By order of the king our sovereign:

Juan de Ybarra"

With the above royal decree was despatched another to the royal Audiencia, in which its observance and fulfilment is ordered and charged; and another to the same archbishop, which only contains the statement that he is strictly charged with its fulfilment. [15] His Majesty says in it that it is advisable to do this for the relief of his royal conscience and that of the archbishop himself. Those decrees having arrived in the ships that came in the year six hundred and five, Don Fray Miguel de Benavides, archbishop at that time, as soon as he received them, presented all three in the royal meeting held on the second of June, of the said year, and they were obeyed and ordered to be fulfilled. But as the said archbishop died within two months, he could not carry them out; and consequently they were left unobserved, because the cabildo succeeded to the government of the vacant see. Afterward, Archbishop Don Diego Vazquez de Mercado, either because he knew nothing about them, or because he was so far prevented by his age and infirmity (as all know), did not put them into practice. At his death, Don Fray Diego de Arce, bishop of Zibu, governed this archbishopric; but he did not know of the said decrees. But as they have come to my notice, and since we are obliged, both myself and your Paternities, to observe and obey what his Holiness and his Majesty order in regard to this, as above stated, we cannot excuse ourselves from immediately putting it into execution.

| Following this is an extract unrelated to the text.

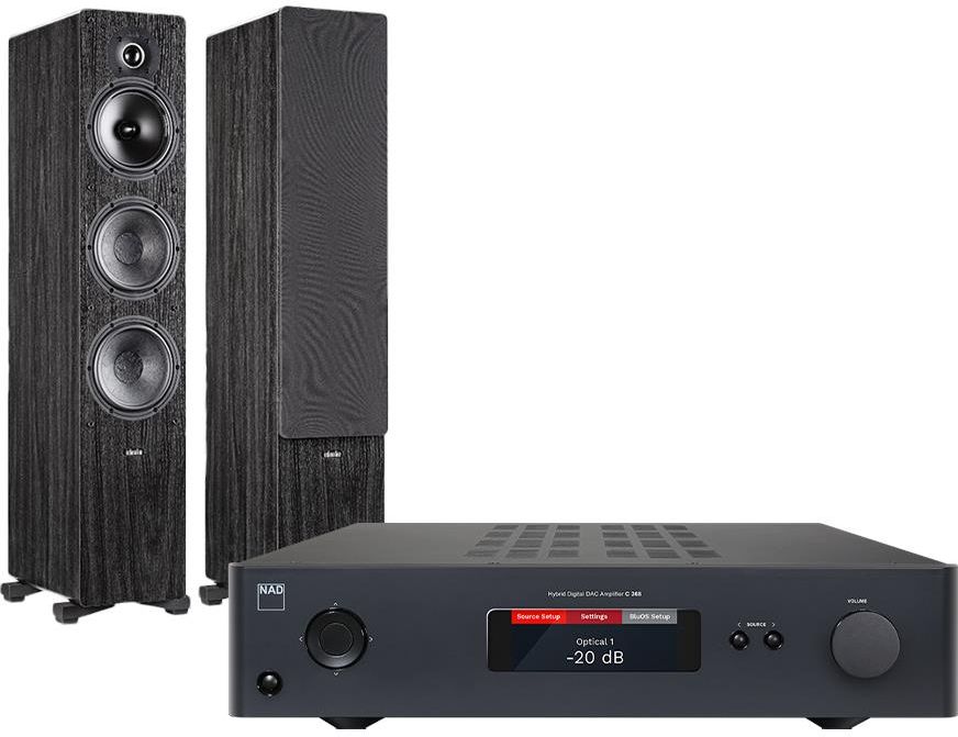 NAD C368 to znakomicie brzmiący, hybrydowy wzmacniacz zintegrowany, który dzięki opcji rozbudowy za pomocą dedykowanych modułów MDC łatwo dostosowuje się do potrzeb użytkownika. W jednym urządzeniu łączą się wszystkie kluczowe elementy dobrego wzmacniacza, takie jak starannie opracowana amplifikacja Class D (wykorzystująca specjalnie modyfikowane stopnie wyjściowe Hypex UcD), zaawansowany przetwornik C/A, bogaty zestaw analogowych i cyfrowych wejść czy też wysokiej klasy przedwzmacniacz gramofonowy. Całość uzupełnia możliwość współpracy z bezprzewodowymi słuchawkami i strumieniowanie dźwięku z urządzeń Bluetooth. Brzmienie. Precyzja. Moc. Wprowadzając do C 368 amplifikację HybridDigital™, inżynierowie NAD zeszli z wydeptanych ścieżek i zamiast zastosować tradycyjny, mało efektywny prądowo stopień wyjściowy klasy AB, opracowali obwody oparte na wzmacniaczach impulsowych klasy D. Dzięki temu, do wnętrza C 368 trafiły specjalnie zaprojektowane układy wykorzystujące zmodyfikowaną wersję sprawdzonego stopnia wyjściowego Hypex UcD. Rozwiązanie to pozwala to na uzyskanie znakomitej precyzji odtwarzanego dźwięku i pokaźnej, pozbawionej zniekształceń i szumów mocy 80 W na kanał, która w szczególnych przypadkach może sięgać aż 120 W wartości szczytowej. Możliwość dodawania funkcji Dzięki opracowanej przez NAD modułowej koncepcji konstrukcyjnej MDC, wzmacniacz C 368 może być łatwo wzbogacany o dodatkowe funkcjonalności, znacznie poszerzające jego możliwości. Dodatkowo, dzięki możliwości stosowania tego typu rozszerzeń, urządzenie staje się otwartym na przyszłość, zabezpieczając użytkownika przed technologicznym starzeniem się wzmacniacza. Obecnie, NAD oferuje dwa moduły rozszerzające dla tego modelu. Pierwszym z nich jest karta MDC BluOS 2 dodająca pełną funkcjonalność odtwarzacza strumieniowego i bezprzewodowego systemu mutliroom, drugą zaś, moduł MDC-HDM2, umożliwiający współpracę C 368 z telewizorem, konsolą gier, czy odtwarzaczem Blu-ray/4K. Strumieniowanie audio i multiroom Dodanie opcjonalnego modułu MDC BluOS 2 gwarantuje dostęp do sieci lokalnej przez Wi-Fi lub przewodowe połączenie Ethernet oraz umożliwia strumieniowe przesyłanie Hi-Res Audio. W ten sposób, wzmacniacz staje się jednocześnie wysokiej klasy źródłem audio, mając dostęp do milionów nagrań z serwisów muzycznych w chmurze, tysięcy internetowych stacji radiowych oraz plików muzycznych z komputera i domowej sieci. Kompatybilność modułu MDC BluOS 2 z urządzeniami ekosystemu Bluesound, pozwala na współpracę C 368 z głośnikami multiroom umieszczonymi w innych pokojach. Muzyka poprzez dwukierunkowy Bluetooth™ Wbudowany w C368 moduł Bluetooth™ jest wyposażony w wysoko wydajny kodek aptX®, dzięki któremu muzyka jest przesyłana z dowolnego urządzenia kompatybilnego z tym interfejsem w jakości CD. Połączenie Bluetooth może być również używane do sparowania wzmacniacza z bezprzewodowymi słuchawkami, takimi jak np. NAD HP70. Analogowa muzyka z winylu C 368 został wyposażony w najlepszy w swojej klasie przedwzmacniacz gramofonowy obsługujący wkładki MM. Odznacza się on precyzyjną korekcją RIAA z szerokim  marginesem przesterowania, wyjątkowo niskim poziomem szumów oraz innowacyjnym dolnozaporowym filtrem sprzężenia zwrotnego. Jego zadaniem jest wyeliminowanie szkodliwego sprzężenia akustycznego pomiędzy wkładką gramofonową a kolumnami głośnikowymi. Wzmacniacz słuchawkowy Do układów audio C 368 wbudowany został w osobny wzmacniacz słuchawkowy o niskiej impedancji wyjściowej i bardzo dużych możliwościach w zakresie napięcia sygnału wyjściowego, dzięki czemu możliwe jest wysterowanie nawet bardzo wymagających słuchawek studyjnych o wysokiej impedancji.   Znakomite możliwości połączeniowe Wzmacniacz C368 to prawdziwe centrum domowej rozrywki. Bogaty zestaw przyłączy zawiera zarówno komplet analogowych wejść liniowych, jak też optyczne i koaksjalne wejścia cyfrowe oraz dedykowane przyłącze dla gramofonu MM. Dodatkowe wyjście Pre-out, może być wykorzystane dla rozbudowy systemu lub podłączenia aktywnego subwoofera, zaś dwa zestawy zacisków pozwalają na współpracę wzmacniacza z dwoma parami kolumn głośnikowych. Całość uzupełniają przyłącza dla wyzwalacza 12V oraz port RS-232, pozwalające na zintegrowanie wzmacniacza w ramach systemów sterowania.   Założona w 1977 r. Indiana Line należy obecnie do grona najważniejszych włoskich marek oferujących kolumny głośnikowe oraz głośniki instalacyjne. Projektanci i inżynierowie opracowujący nowe modele z logo Indiana Line dążą do uzyskania wysokiej jakości wykonania, przy racjonalnym wykorzystaniu poszczególnych podzespołów. Celem takiego podejścia jest osiągnięcie walorów brzmieniowych, które wykraczają znacznie poza parametry, jakie możliwe są do osiągnięcia w tym przedziale cenowym. Dwie ponadczasowe wersje kolorystyczne Klasyczna, a przy tym stylowo zaokrąglona obudowa modelu Indiana Line Tesi 661 doskonale odzwierciedla założenia włoskiej myśli projektowej. Kolumn wykończona jest trwałą, a jednocześnie niezwykle estetyczną okleiną winylową w kolorze jasnego orzecha lub czarnego dębu. Niezależnie od tego, którą z wersji kolorystycznych wybierzesz, model Tesi 661 świetnie odnajdzie się w każdym wnętrzu. Kolumna ta nie tylko dobrze się prezentuje, ale także wyróżnia się pełnym i dojrzałym brzmieniem. Imponująca skala dźwięku Model Tesi 661 marki Indiana Line to majestatyczna, 3-drożna kolumna podłogowa. W jej konstrukcji wykorzystano aż cztery przetworniki elektroakustyczne: 26-milimetrową kopułkę wysokotonową, 160-milimetrowy przetwornik średniotonowy oraz parę przetworników niskotonowych o średnicy 160 mm i dużym liniowym wychyleniu. Masywna obudowa kolumny z dwoma wzmocnieniami wewnętrznymi wspiera się na

We shall not be able to delay the observance of the said royal decree, by saying that since twenty years have passed since its issue, without having given it a beginning, it will be well to await his Majesty's will once more; for, besides that things are today in the same condition as then, it appears that his Majesty, having heard that the said royal decree was not being observed in Nueva Espana, either because the bishops had no knowledge of it, or for other reasons, gave it again to the viceroy, Marquis de Guadalcazar, under date of November nineteen, six hundred and eighteen, in which, inserting word for word the first decree above mentioned of November fourteen, six hundred and three, he orders it to be obeyed in the following words:

"And inasmuch as it is my intention and will that what I have ordained and ordered in regard to the above be strictly observed and executed, I order you to examine the said my decree which is here incorporated, and to observe and obey it in toto, according to its contents and declarations, just as if I were talking with you, and it were directed to you. Such is my will, notwithstanding that in the lapse of time, and with the claims of the prelates and missionaries, it has been winked at or another custom introduced, which shall, under no circumstance, be in any manner allowed. Given in Madrid, November nineteen, one thousand six hundred and eighteen.

I The King

By order of the king our sovereign:

Pedro de Ledesma"

And the archbishop of Mexico having reported to his Majesty that the above decree of his Majesty of six hundred and eighteen had not been shown by the viceroy, although he had had it in his possession for some time, his Majesty despatched other new decrees to the said viceroy and archbishop, under date of February eighteen and August twenty-five, six hundred and twenty, in which, he again orders them to observe and obey the said first decree to the said archbishop, in these words: "And since your person is authorized, not only by the council of Trent, but by the declaration of the cardinals, and by common law, to proceed to the visit for the reformation of all the missionaries, both seculars and regulars, you shall endeavor to relieve your conscience and mine."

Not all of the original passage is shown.